The line clicked and Jalil knew that his father had hung up. He stood stock-still, rubbing his eyes in frustration. He wished that his father could’ve seen the unexpected jubilation on David’s face, the glint of confidence in his eyes when he’d shaken Jalil’s hand. It was obvious that the painting had moved him, but Jalil was so shaken up now that he didn’t know whether he’d made the right decision.
The next day, when Jalil was eating lunch in the cafeteria, the evening news blaring from the TV mounted on the wall showed Iran’s president signing some papers, along with four jet-black planes flying menacingly over the ocean. The caption beneath read, “Consensus reached, but B-52 bombers send a clear and unmistakable message.”
Jalil grinned. He knew exactly what would happen. The bombers would fly around aimlessly for a while, and some kind of Navy battleship, the USS Something-Or-Other, would be stationed near the Persian Gulf for a few months, just to make it look like something was going on. But there would be no aggression, no military intervention. It was all a show, a bunch of political theatre. Somewhere, his father was probably sitting cross-legged against a cushion, sipping tea in front of the television and smiling at his colleagues, at all of the big-wig clerics who would take credit for having thwarted an American attack. They’d joke that America was all pomp and pretense, no longer a global hegemon capable of policing the world, and that the Islamic Republic was an emerging power that sent shivers down Western spines.

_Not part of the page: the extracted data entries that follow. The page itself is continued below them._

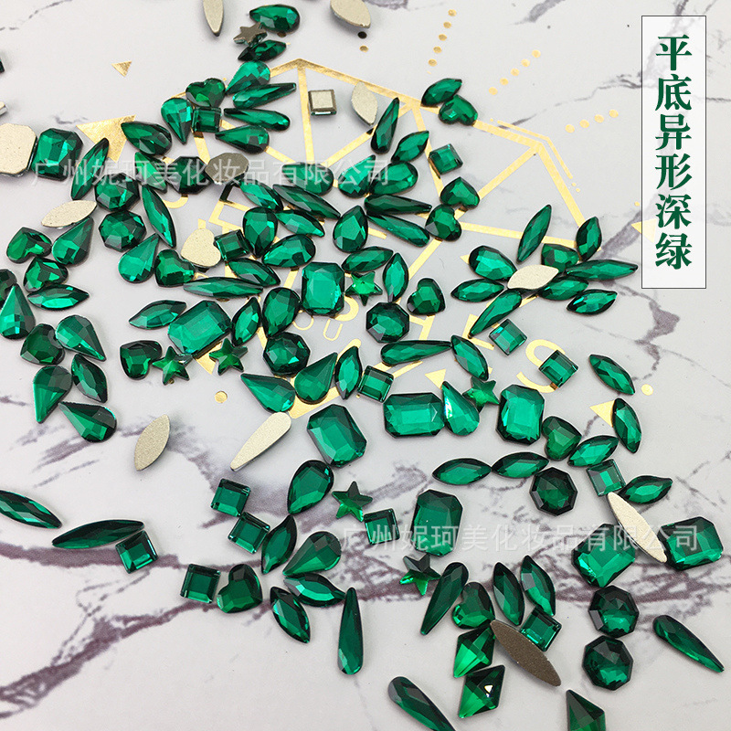 美甲平底异形钻混装温同款平底异形深绿孔绿色网红美甲钻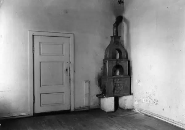 Akersgata 44, Oslo. Dåpsrommet i den gml.Fødselsstiftelse. Dør og etasjeovn.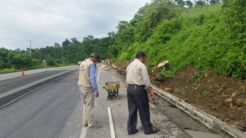 Se llevan a cabo labores de revestimiento de hormigón en bordillo, cunetas, parterres y canales, en el tramo La Pila – Jipijapa y Jipijapa – La Cadena. También se realiza bacheo asfáltico, y se tiende una capa de rodadura de hormigón asfáltico, en el sector comprendido entre Jipijapa y La Cadena.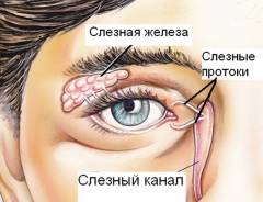 - дакриоаденит - острый или хронический воспалительный процесс слезной железы;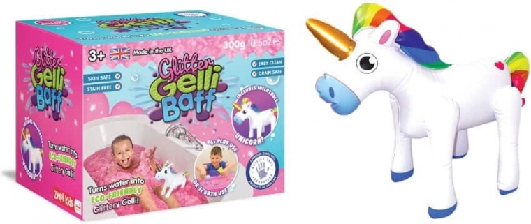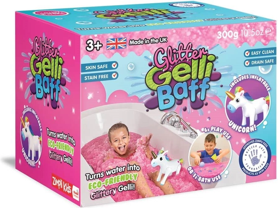 Glitter Gelli Baff prinaša otrokom senzorično zabavo v kadi in zunaj nje. V nekaj minutah se voda spremeni v gosto, rožnato in bleščeče žele, ki je nestrupeno, brez škodljivih kemikalij in dermatološko prijazno. Po koncu igre dodajte priloženo raztopilo in gel se spremeni nazaj v vodo, ki jo je mogoče varno izpustiti.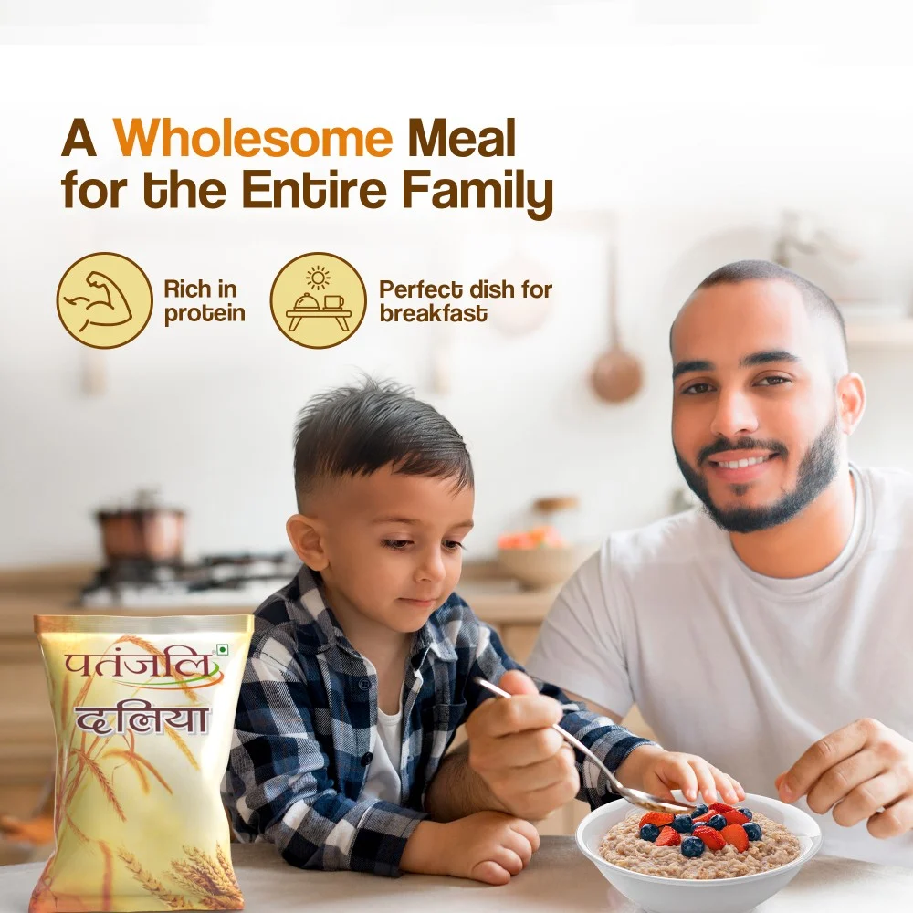 Made from premium grade selected wheat grains, Patanjali Regular Daliya makes for a versatile kitchen ingredient. It is used in the preparation of a variety of dishes such as, desserts, savories and snacks. Made from premium grade selected Wheat grains to keep the taste intact. Has a wholesome and nutritious flavour.

More than anything, Jalil thought about his painting and his father. His father would probably spend about two seconds wondering whether the painting had truly made a difference, and that two seconds was all Jalil needed to feel inspired, to know that he wasn’t just an Aghazade, but an artist capable of enacting great change.
A few weeks later, at the end of the semester, Jalil found a package in front of his apartment door. It was from David. He opened it and saw that it was a painting of a man lying in a hospital bed with an American flag draped over him like a blanket, his head bandaged and his casted leg propped up on a few pillows. He was staring ahead, smirking and holding up two fingers, a sign that Jalil knew meant peace.